> Problem description:
Print the data below exactly, but only the lines from the one containing "Zapněte troubu, aby" down to the one containing "3月11日鄭州商品交易所PTA期貨成交及持倉排名表", inclusive.

> Working data:
----

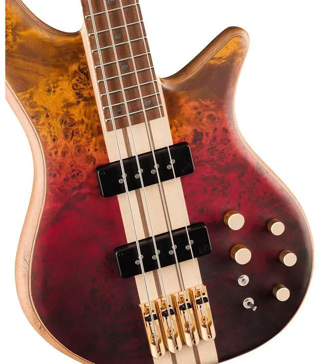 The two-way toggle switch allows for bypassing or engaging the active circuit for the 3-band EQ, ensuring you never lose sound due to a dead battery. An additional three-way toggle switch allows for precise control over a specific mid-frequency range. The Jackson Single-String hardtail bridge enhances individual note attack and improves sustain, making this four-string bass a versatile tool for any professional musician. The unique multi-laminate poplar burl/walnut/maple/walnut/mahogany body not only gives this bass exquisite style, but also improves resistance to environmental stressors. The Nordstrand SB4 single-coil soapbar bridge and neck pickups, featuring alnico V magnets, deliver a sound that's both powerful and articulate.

----

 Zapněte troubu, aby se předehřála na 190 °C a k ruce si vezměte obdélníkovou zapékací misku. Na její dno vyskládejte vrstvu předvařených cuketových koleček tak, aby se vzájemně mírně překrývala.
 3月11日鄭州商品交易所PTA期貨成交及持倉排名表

----

> Response below:
 Zapněte troubu, aby se předehřála na 190 °C a k ruce si vezměte obdélníkovou zapékací misku. Na její dno vyskládejte vrstvu předvařených cuketových koleček tak, aby se vzájemně mírně překrývala.
 3月11日鄭州商品交易所PTA期貨成交及持倉排名表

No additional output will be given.